▸ **Exercise directions**
Exactly as written, copy every line from the one containing "الوحدة 1 - مهارة التعرف على المعلومات" through the end of the records, with the pictures left out.

▸ **Provided records**

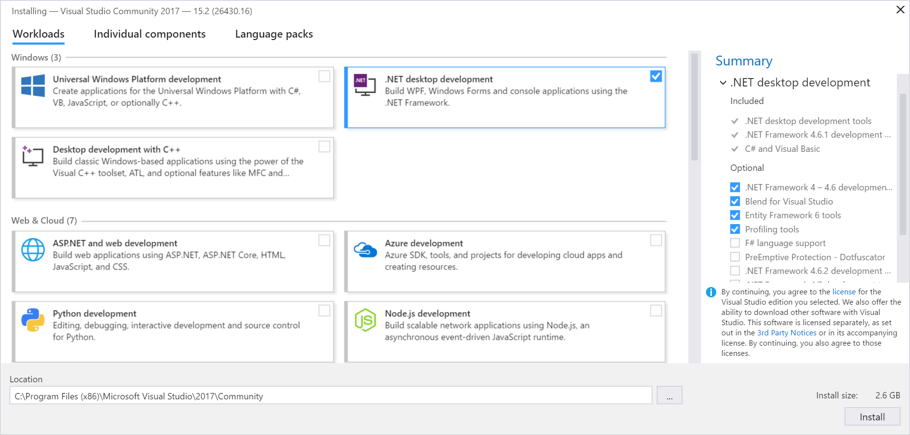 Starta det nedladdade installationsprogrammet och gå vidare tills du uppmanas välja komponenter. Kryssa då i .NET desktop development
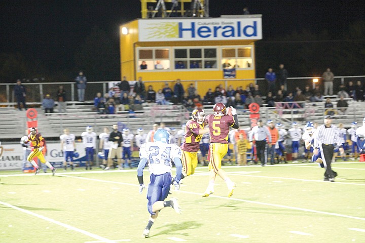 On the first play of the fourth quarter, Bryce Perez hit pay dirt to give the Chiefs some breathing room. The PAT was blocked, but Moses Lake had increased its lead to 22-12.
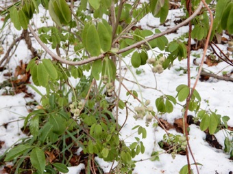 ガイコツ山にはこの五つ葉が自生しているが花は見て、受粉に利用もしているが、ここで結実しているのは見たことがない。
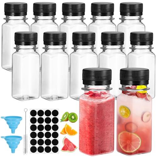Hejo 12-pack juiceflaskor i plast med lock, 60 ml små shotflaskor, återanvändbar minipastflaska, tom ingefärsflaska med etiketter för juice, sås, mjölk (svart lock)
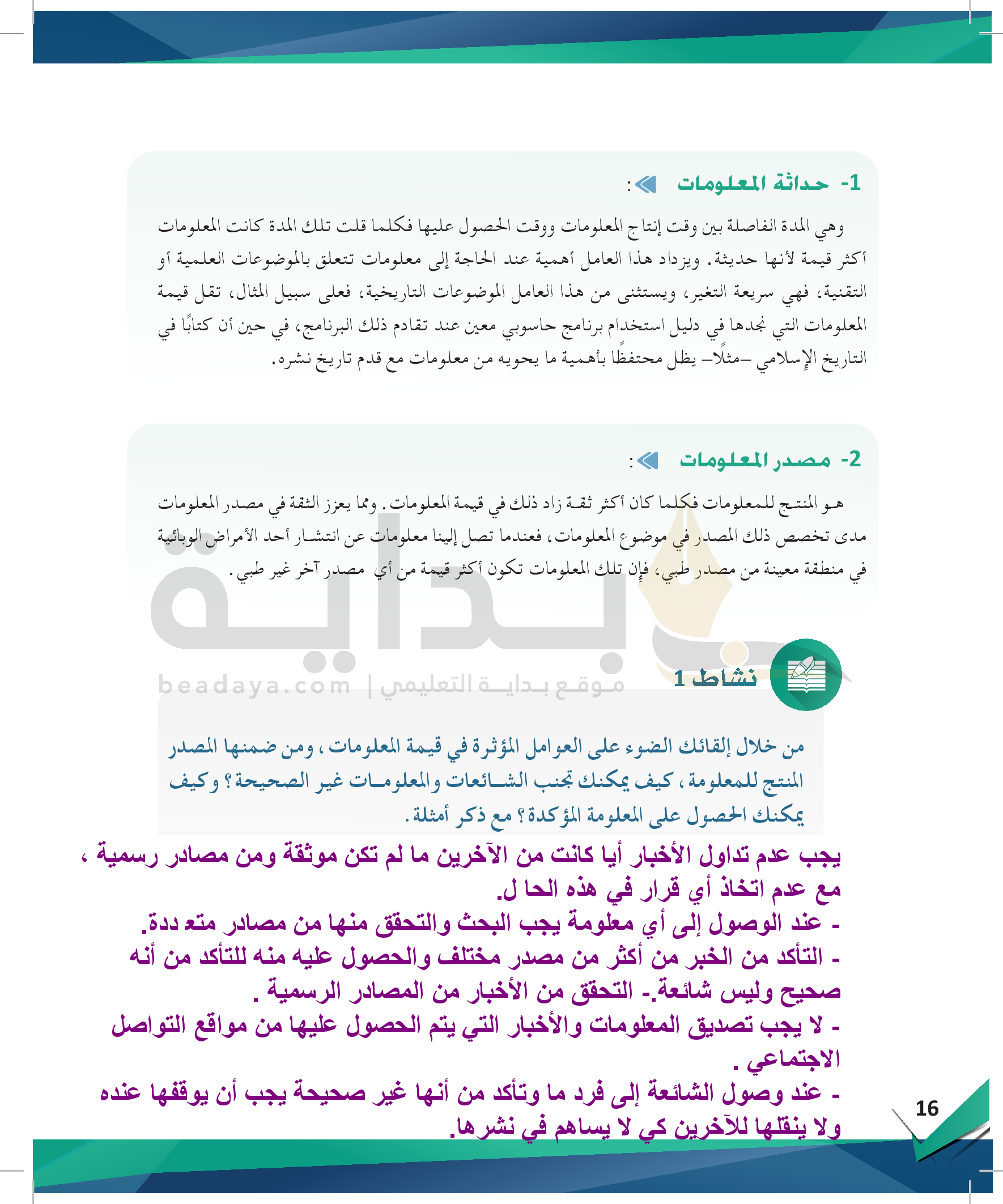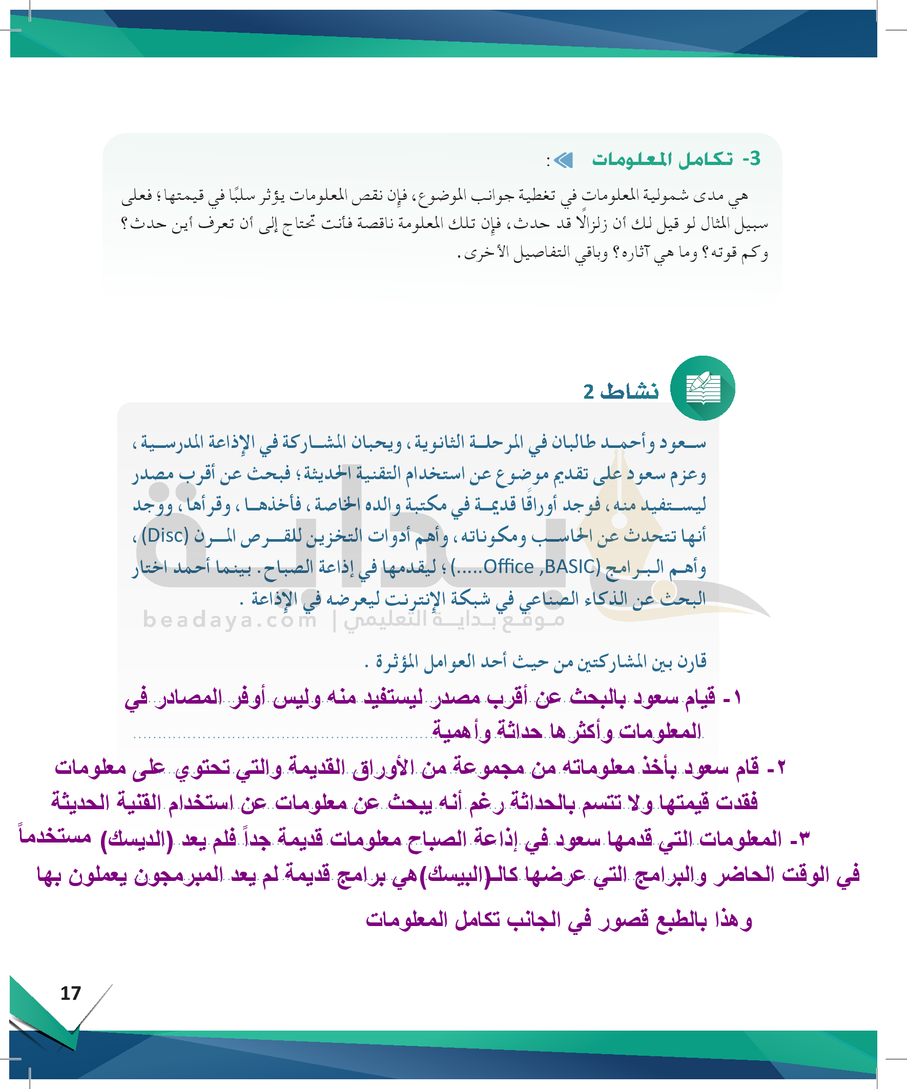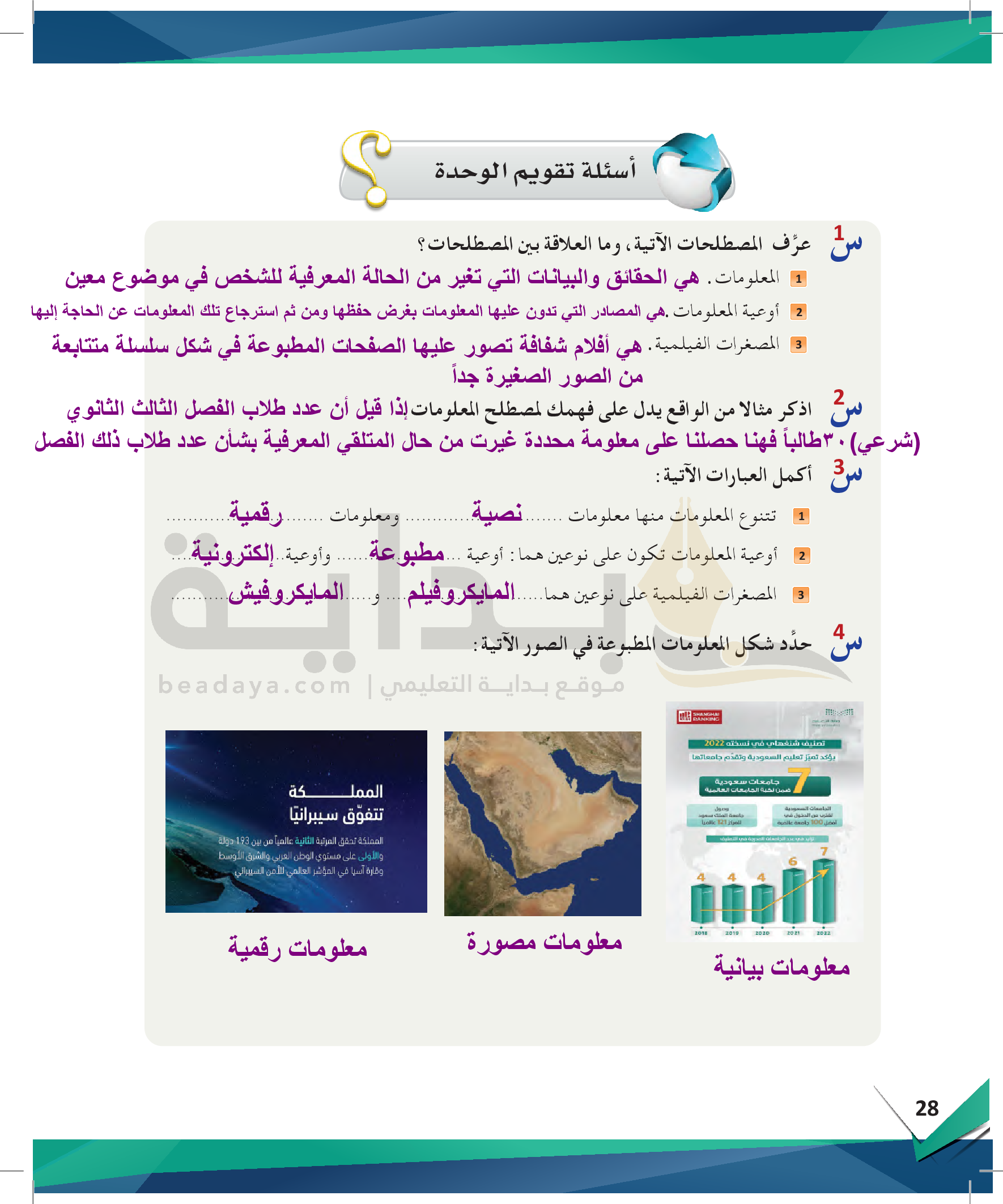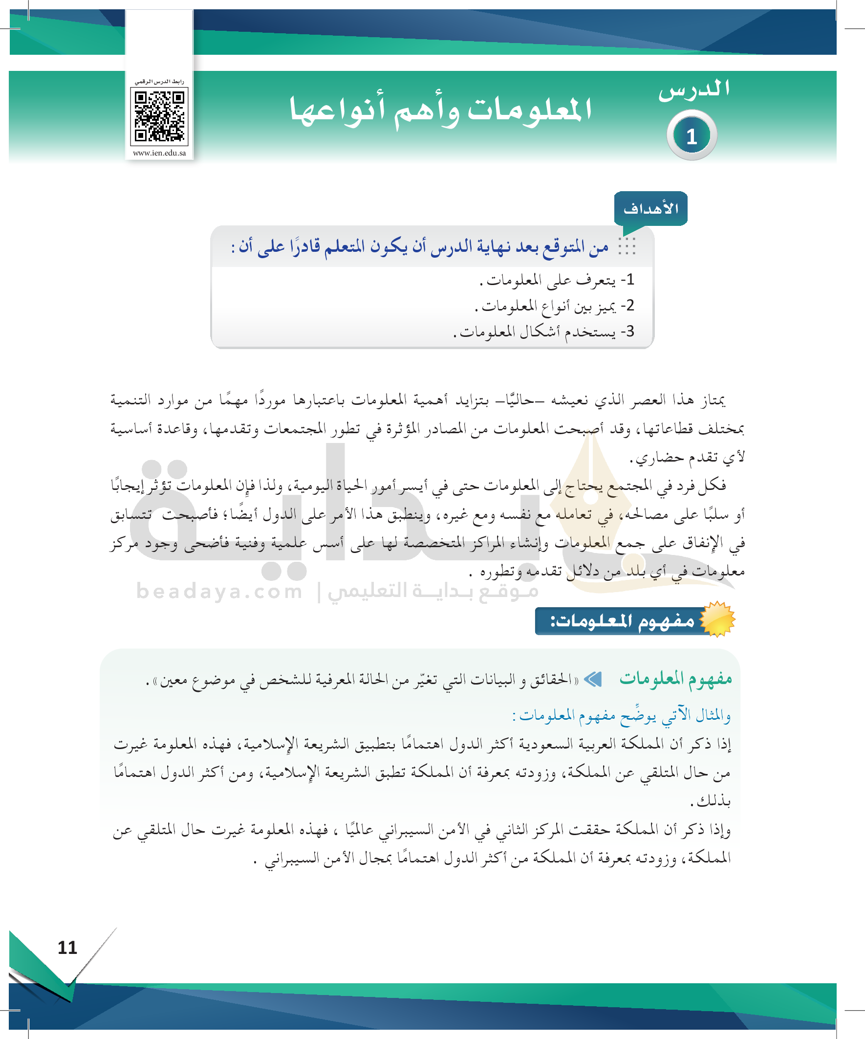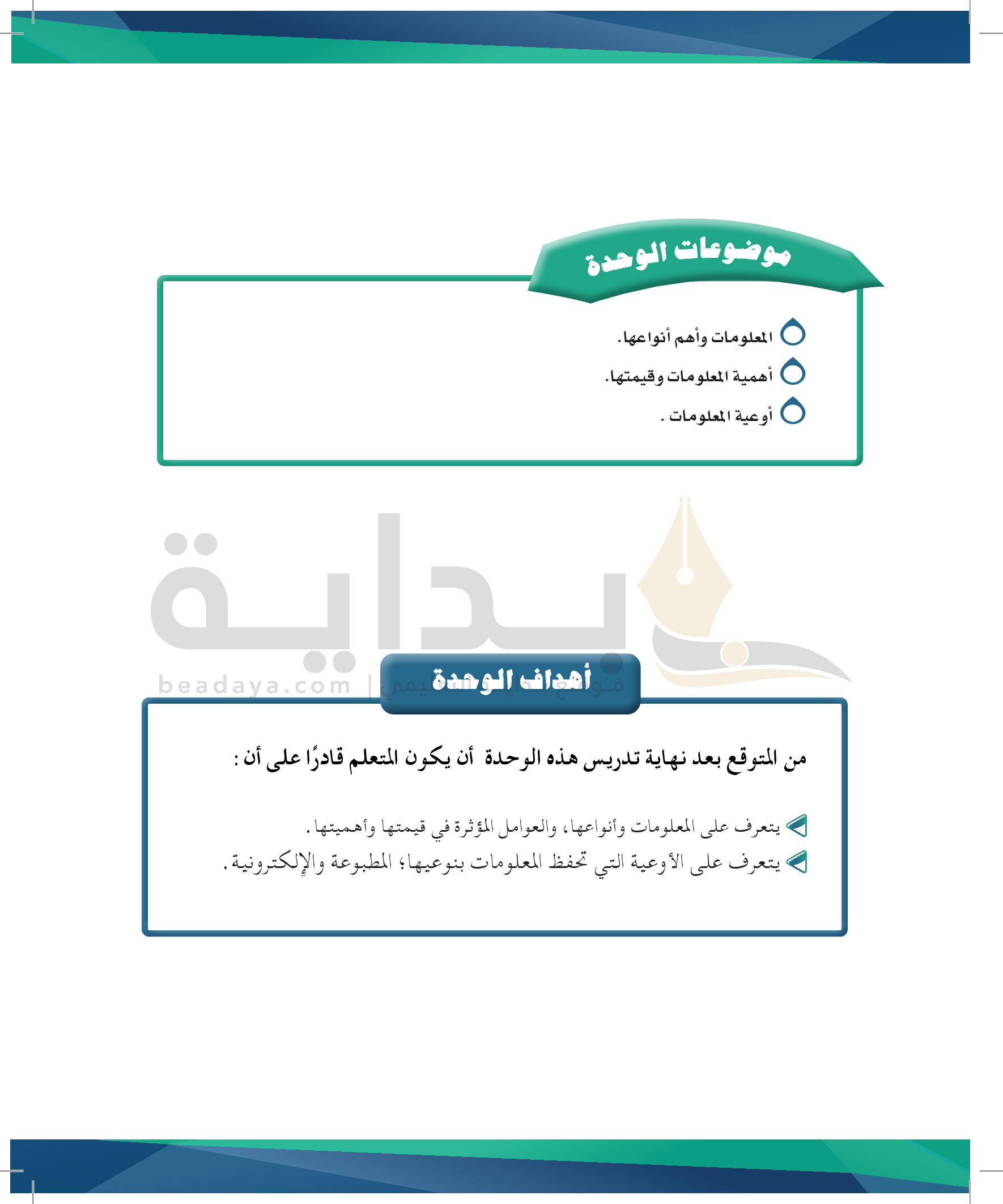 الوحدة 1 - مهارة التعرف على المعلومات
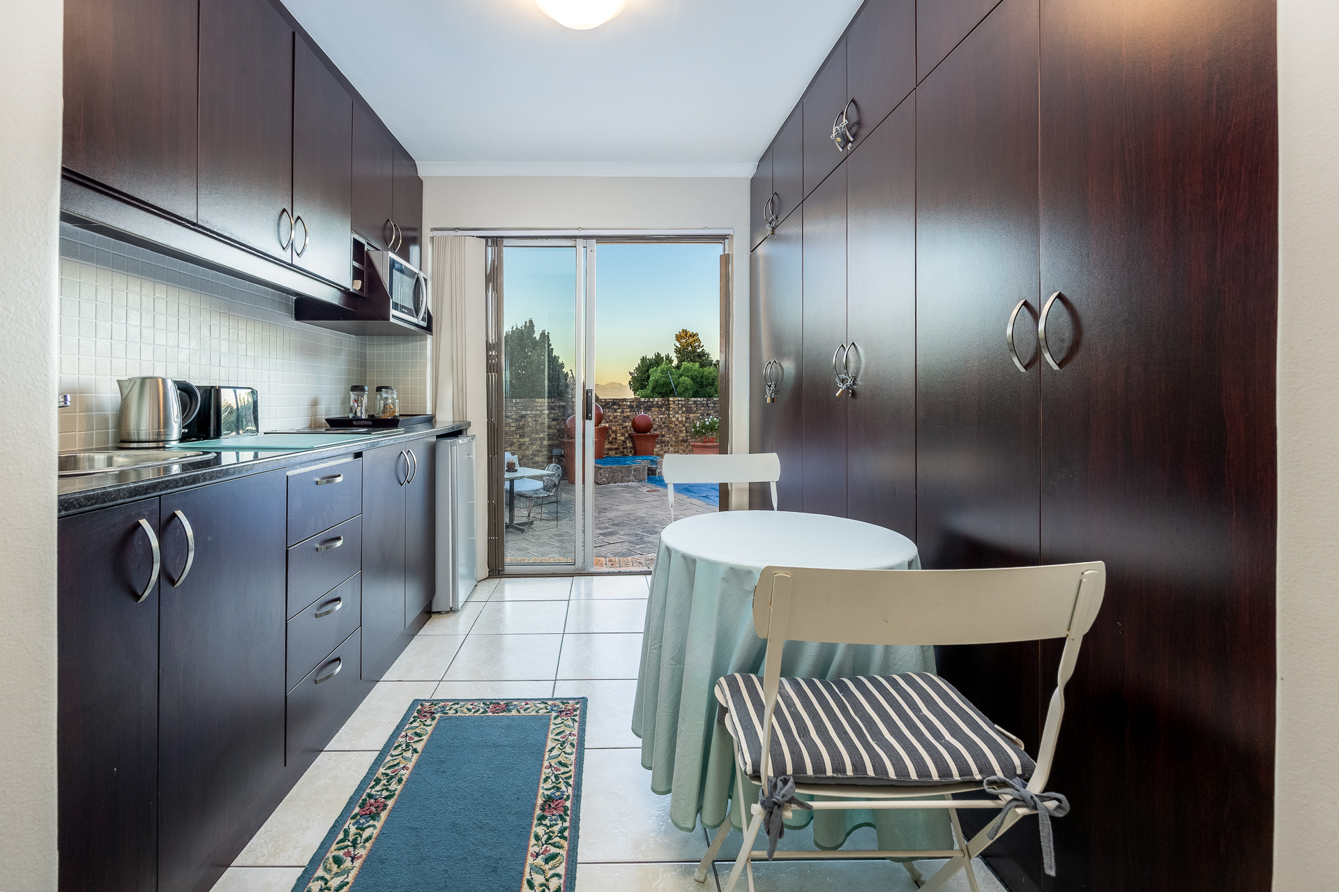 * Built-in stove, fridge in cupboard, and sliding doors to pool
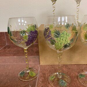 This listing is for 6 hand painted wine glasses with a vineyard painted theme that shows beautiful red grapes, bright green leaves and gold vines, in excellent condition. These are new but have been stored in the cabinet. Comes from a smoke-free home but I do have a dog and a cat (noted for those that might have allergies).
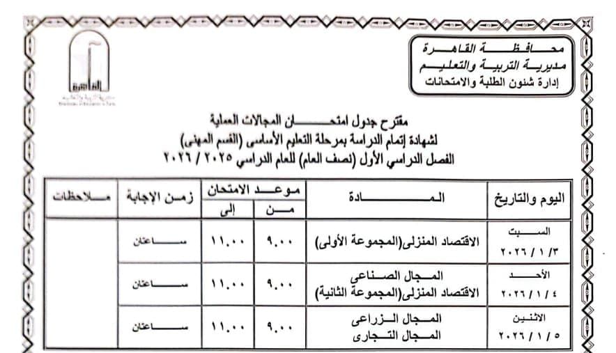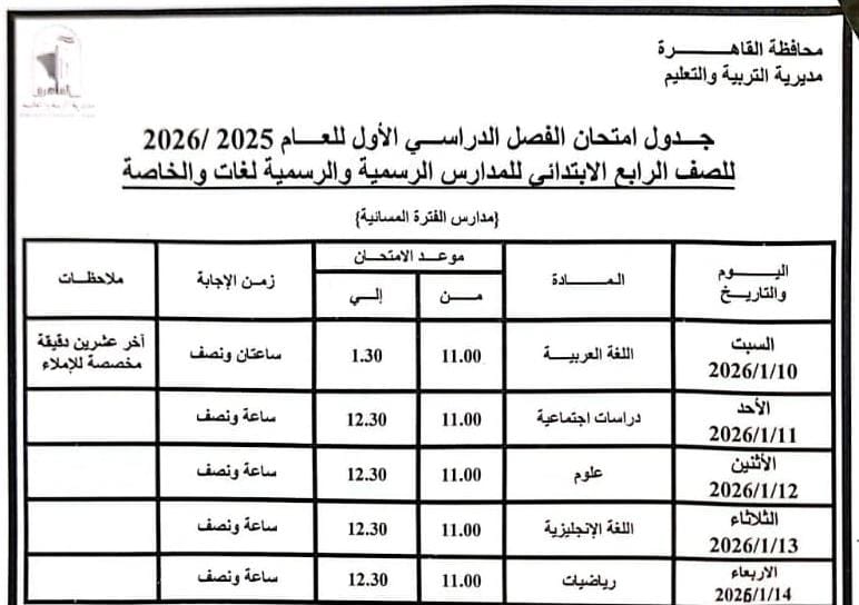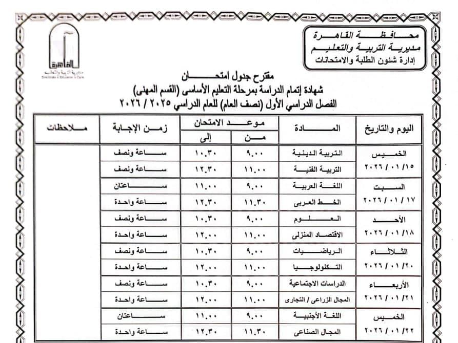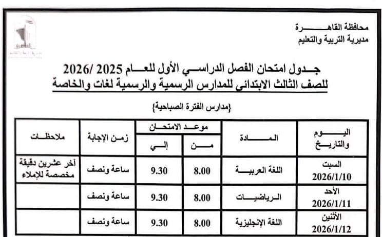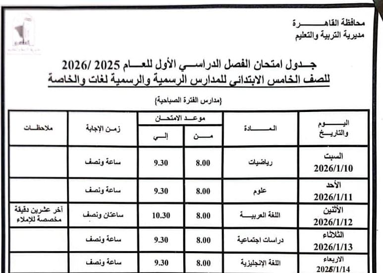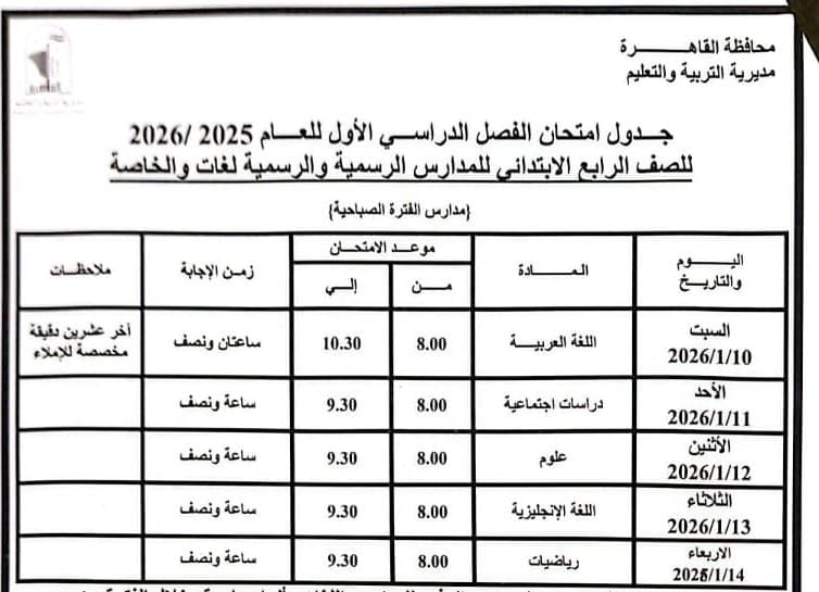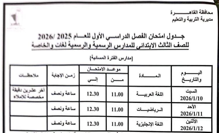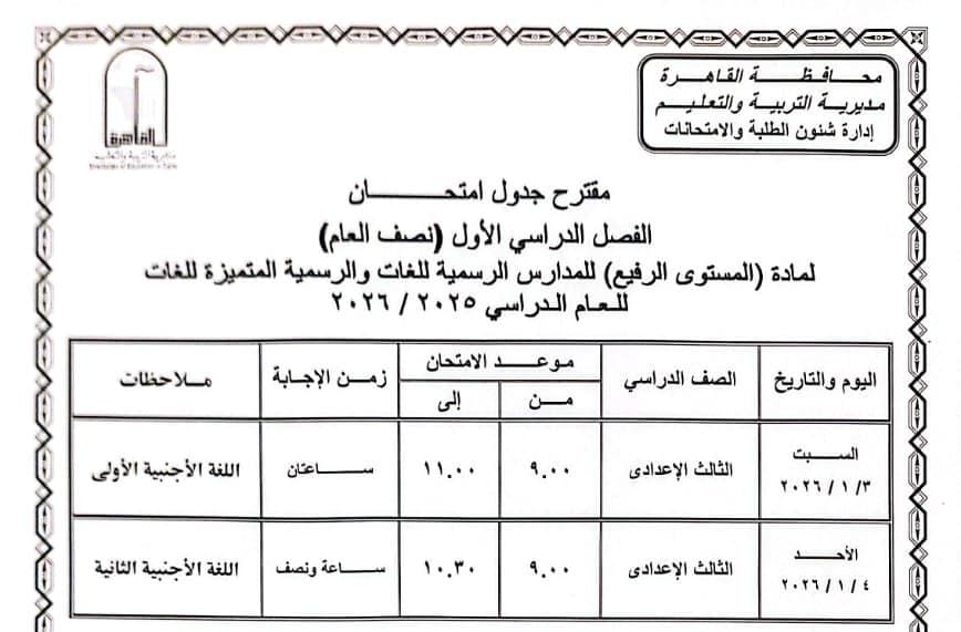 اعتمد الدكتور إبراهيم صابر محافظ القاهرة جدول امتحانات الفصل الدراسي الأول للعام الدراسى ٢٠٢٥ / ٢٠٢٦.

▸ **Solution**
 الوحدة 1 - مهارة التعرف على المعلومات
 * Built-in stove, fridge in cupboard, and sliding doors to pool
 This listing is for 6 hand painted wine glasses with a vineyard painted theme that shows beautiful red grapes, bright green leaves and gold vines, in excellent condition. These are new but have been stored in the cabinet. Comes from a smoke-free home but I do have a dog and a cat (noted for those that might have allergies).
 اعتمد الدكتور إبراهيم صابر محافظ القاهرة جدول امتحانات الفصل الدراسي الأول للعام الدراسى ٢٠٢٥ / ٢٠٢٦.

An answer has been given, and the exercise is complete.